A venture headed by Aliso Viejo-based CT Realty and Seal Beach-based Xebec Realty Partners has kicked off construction of one of the largest industrial developments currently on the books in the U.S. at a site they own in Texas.
The Orange County commercial real estate developers said this month that they began work on the first phase of the Southport Logistics Park, a $500 million industrial project about 12 miles south of downtown Dallas.
They bought the 530-acre site in 2013 on undisclosed terms under a venture they control and that now operates under the Port Logistics Realty name. The developers spent the past two years completing the master plan for the project and entitling the site.
Other investors in Port Logistics Realty include Diamond Realty Investments Inc., a subsidiary of Mitsubishi Corp. in Japan, as well as several wealthy investors in Orange County.
During the project’s first construction phase, Port Logistics plans to invest $22 million for infrastructure and build five industrial buildings totaling more than 3.8 million square feet.
The first two buildings will run 1.1 million square feet and 400,000 square feet, respectively, and are scheduled for completion in the first quarter of 2016, the developers said.
Cornerstone Real Estate Advisers in Santa Monica and Little Rock, Ark.-based Bank of the Ozarks are also participating in the
capital structure of the initial development phase.
The finished park will have up to nine buildings ranging in size from 400,000 square feet to 1.5 million square feet. It’s being designed for some of the world’s largest users of distribution, logistics and e-commerce facilities.
Speculative and build-to-suit buildings are planned for the site, which is next to an intermodal terminal run by railroad giant Union Pacific Corp. and close to one of the largest Federal Express hubs in the country.
The Union Pacific and FedEx facilities “are critical pieces of global supply chain infrastructure that offer a tremendous transportation cost advantage and will draw logistics and e-commerce users to the Southport project,” said Xebec Chief Executive Randy Kendrick in a statement.
The greater Dallas-Fort Worth market had more than 16 million square feet of net absorption last year and more than 6 million square feet of absorption in the first quarter of this year, according to James “Watty” Watson, CT Realty’s chief executive.
The fast absorption pace “is projected to increase in 2015,” Watson said.
The two companies said in 2013 that the Dallas deal is an expansion of their Southern California strategy, which focuses on building and buying warehouse and distribution properties that serve the Long Beach and Los Angeles ports.
The combined ports account for more than 40% of inbound container traffic to the U.S. every year. A significant share of the traffic moves inland by rail to Dallas, typically within four or five days after leaving the West Coast, the developers said.
Land Opportunity
The city of Anaheim is looking for a commercial developer to take over ownership of a nearly 7-acre site it owns just off the Santa Ana (5) Freeway.
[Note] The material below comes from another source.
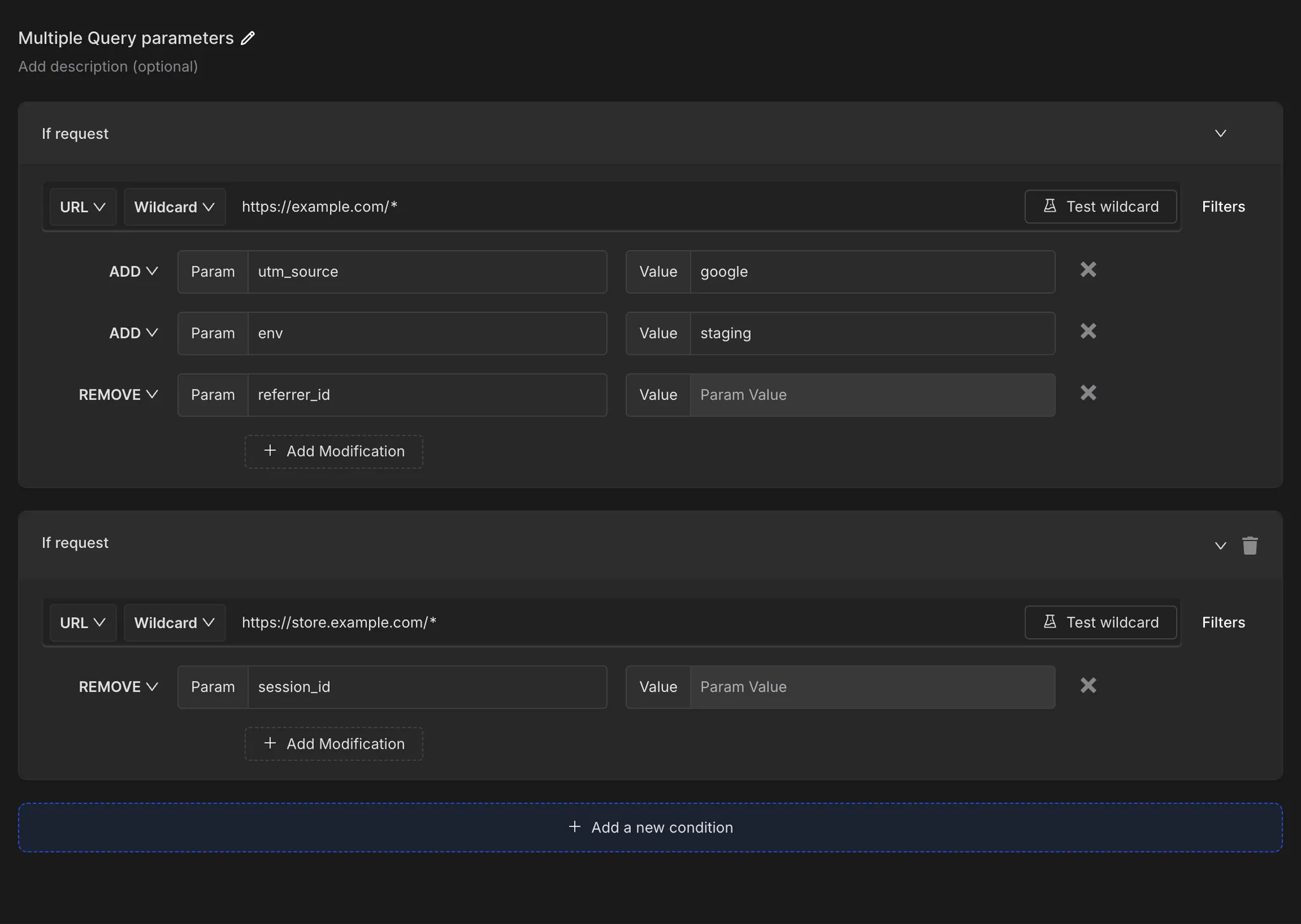 The Query Param Rule in Requestly allows users to define multiple conditions within a single rule to modify query parameters in different URLs. Instead of manually appending, updating, or removing query parameters in multiple rules, you can consolidate all changes into one rule .

It recently sent a request for proposals for the property at 1710 S. Anaheim Way. The one-way street connects Katella Avenue and the Platinum Triangle to Anaheim Boulevard and the Anaheim Resort area.
The largely vacant site was once considered for a city park and recreation area, but California regulatory agencies nixed that idea several years ago due to the site’s proximity to the freeway. Now the city is looking to sell the land to a developer.
“A review of the highest and best use of the subject site has determined that the site would be best served with manufacturing, industrial, research and development or technology-type uses,” according to the RFP.
A project of up to 150,000 square feet is possible if the city zones the site for high-end industrial or R&D uses, which could take place this summer.
A minimum bid of $9.7 million is expected for the property, according to city filings.
The city’s Industrial Development Authority is available to finance up to $10 million of the project’s cost through tax-exempt financing, according to the RFP.
Developer submissions are due Aug. 6.